Etwas ziellos, doch wunderbar berührend

Gegen alle Regeln - Ariel Levy

Gegen alle Regeln
von Ariel Levy

Bewertet mit 4 Sternen

„Als ich aus der Mongolei zurückkam, war ich so traurig, dass mir das Atmen schwerfiel.“ (S. 126)

Zusammenfassung. Ariel hat alles, was sie will: Eine liebevolle Ehe, einen guten Job und dann ist sie auch noch schwanger. Doch als sie auf ihrer letzten großen Reise das Kind verliert, bricht plötzlich alles über ihr zusammen.

Erster Satz. Reden Sie manchmal mit sich selbst?

Cover. Hätte ich mich wegen des Covers für oder gegen dieses Buch entscheiden müssen, dann wäre es sehr wahrscheinlich nichts geworden mit uns. Ich finde, das Cover hat etwas Altmodisches, etwas, das mich denken lässt, dass ich dieses Buch auch im Keller meines Elternhauses hätte finden können, irgendwo unten im Stapel der Bücher meiner Mutter oder meines Vaters. Also nein. Dieses Cover hat mich einfach gar nicht angesprochen.

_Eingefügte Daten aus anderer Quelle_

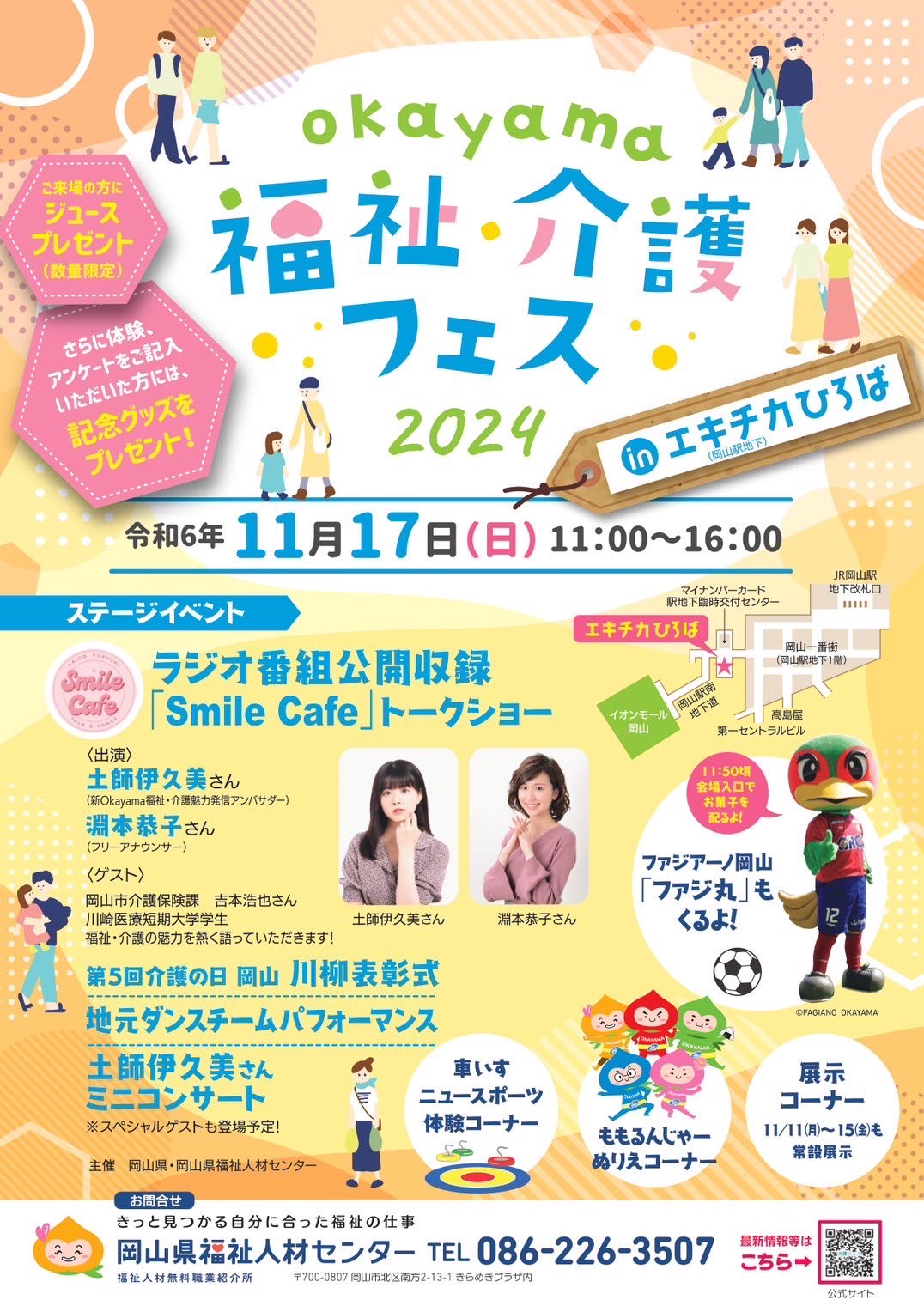 Okayama福祉介護魅力発信アンバサダーとして下記スケジュールで出演いたします
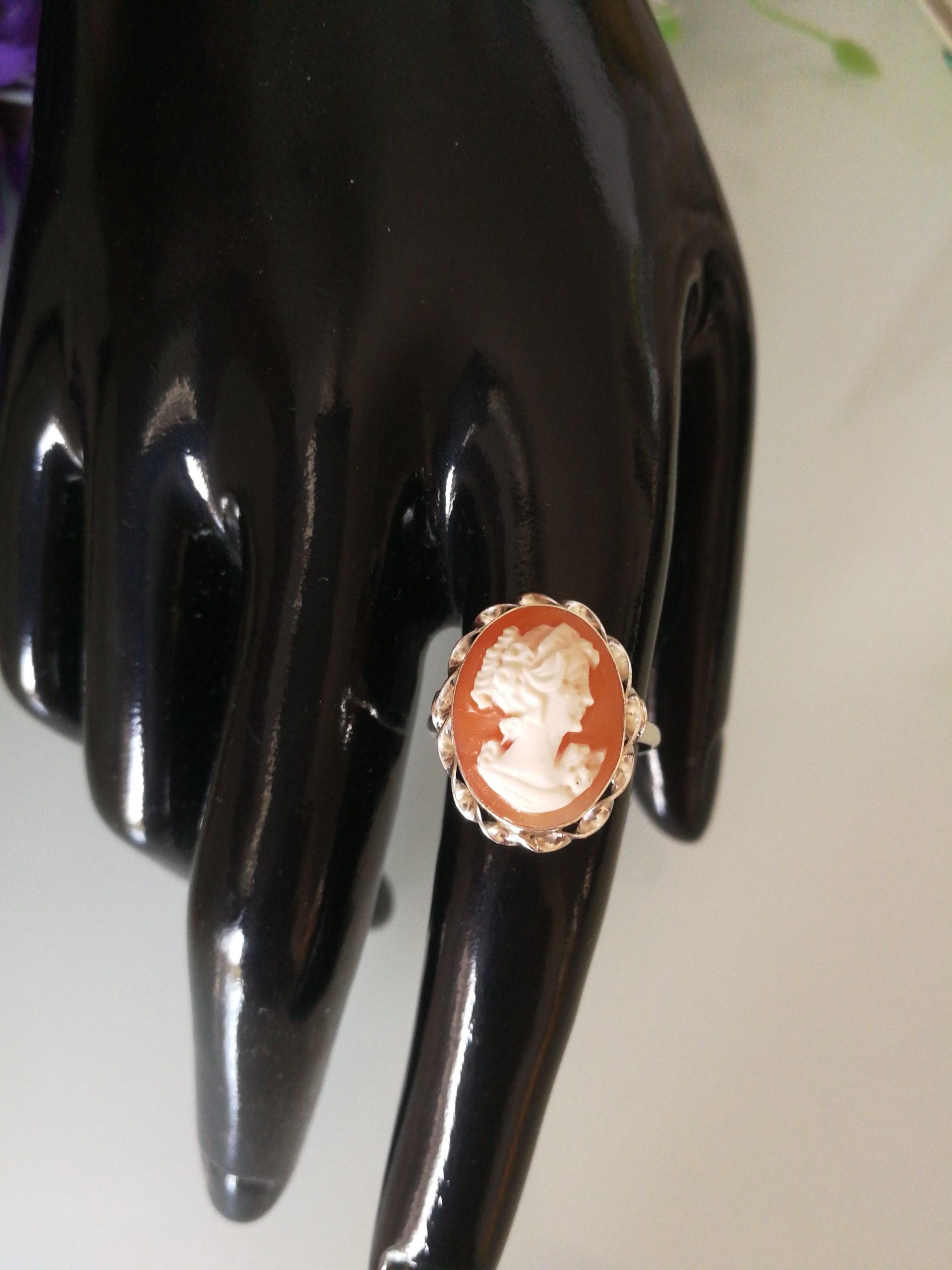 Anello stile vintage con cammeo conchiglia originale con volto di donna. Montatura in argento 925 a lavorazione artigianale  .Il cammeo è grande lunghezza 2 cm /Larghezza cm 1 .Misura anello regolabile.Con scatola regalo.Cammeo perfetto.
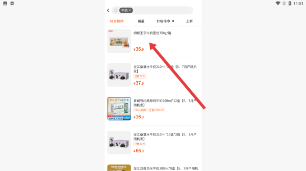 3、查看搜索結果頁的商品列表,瀏覽牛奶等商品的價格與詳情,點擊購買心儀商品。
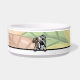 Tazón de comida o agua para bulldog inglés lindo asomándose.
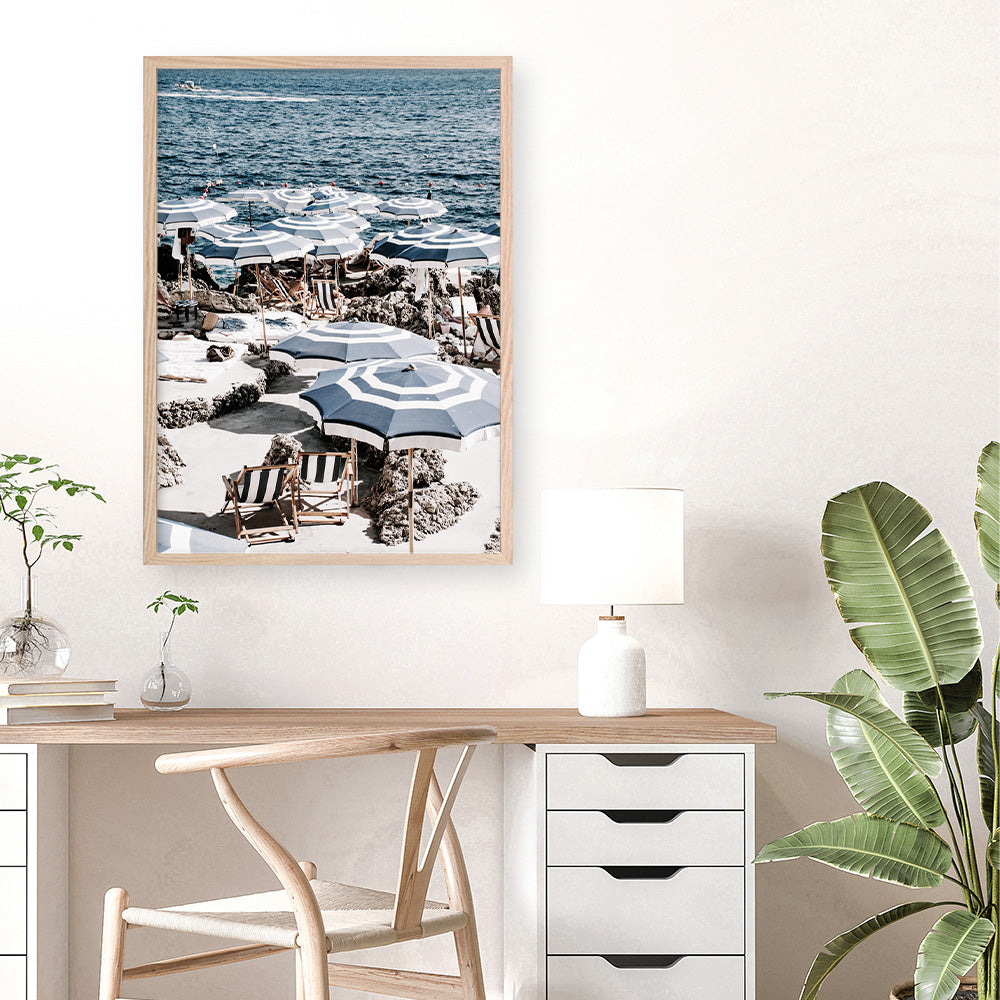 Shop Fontelina Views Photo Wall Art Print by The Print Emporium and update your wall decor at home easily with this blue Italy beach umbrella themed artwork print from our collection.
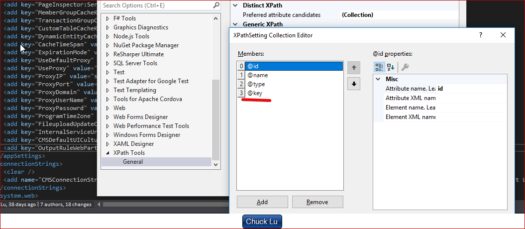 在Distinct XPath中新增一个key,这样可以拿到appSettings下面的key/value的xpath
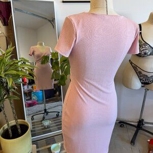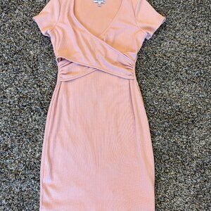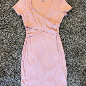 💖 Guess Women’s Ribbed Wrap Dress in soft baby pink.

Inhalt. Im Gegensatz zum Inhalt (zunächst). Es brauchte nur bis Seite sieben, bis zum ersten der gleich folgenden Buchzitate, um mich von der Notwendigkeit zu überzeugen, dieses Buch zu lesen. Die Emotion, die dort sprachlich erzeugt wird, hat mir den Atem geraubt und wäre ich an dem Tag etwas näher am Wasser gebaut gewesen, dann hätte meine Contenance nicht lange gehalten.
Ganz so begeisternd, wie ich die ersten Seiten empfunden habe, ging „Gegen alle Regeln“ dann jedoch leider nicht weiter.
Es änderte sich nichts an der sprachlichen Schönheit, doch ich hatte noch lange das Gefühl, dass alles, was wir hier zu lesen bekommen, irgendwie noch Vorgeplänkel ist. Ist es aber nicht. Natürlich, „Gegen alle Regeln“ ist schon laut Titel ein „Memoir über Liebe und Verlust“ und vielleicht gibt es nichts, was ich sagen könnte, das dieses Buch treffender beschreibt. Und trotzdem hätte ich mir gewünscht, ich hätte zwischendurch das Gefühl gehabt, dass diese Erzählung ein Ziel hat.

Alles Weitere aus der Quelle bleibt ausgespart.